Negative public perception regarding us and/or our industry resulting from, among other things, concerns raised by advocacy groups about hydraulic fracturing, oil spills, greenhouse gas or methane emissions and explosions of natural gas transmission lines, may lead to increased regulatory scrutiny, which may, in turn, lead to new state and federal safety and environmental laws, regulations, guidelines and enforcement interpretations. These actions may cause operational delays or restrictions, increased operating costs, additional regulatory burdens and increased risk of litigation. Moreover, governmental authorities exercise considerable discretion in the timing and scope of permit issuance and the public may engage in the permitting process, including through intervention in the courts. Negative public perception could cause the permits we need to conduct our operations to be withheld, delayed, or burdened by requirements that restrict our ability to profitably conduct our business.

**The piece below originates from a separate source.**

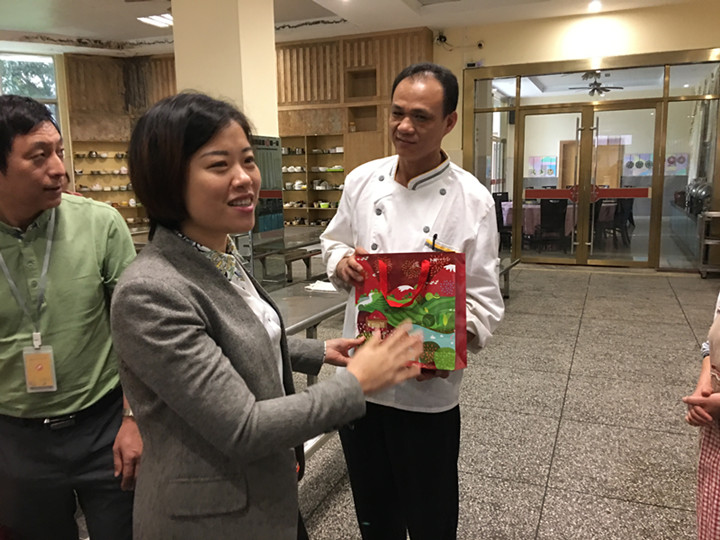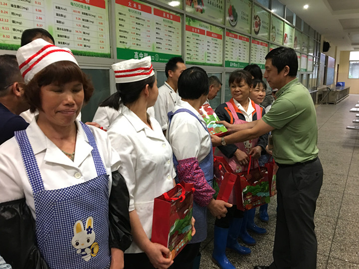 2017年3月31日下午,后勤服務公司食品采購部李莉萍總經理親臨我校對食堂員工進行表彰,并同鄧木金總經理,龍華中英文實驗學校王開利副校長給食堂員工頒發了獎品。

We face a variety of hazards and risks that could cause substantial financial losses.

Our business involves a variety of operating risks, including:

 

    blowouts, cratering and explosions;

 

    mechanical problems;

 

    uncontrolled flows of natural gas, oil or well fluids;

 

    formations with abnormal pressures;

 

    pollution and other environmental risks; and

 

    natural disasters.

Our operation of natural gas gathering and pipeline systems also involves various risks, including the risk of explosions and environmental hazards caused by pipeline leaks and ruptures.

We may not be insured against all of the operating risks to which we are exposed.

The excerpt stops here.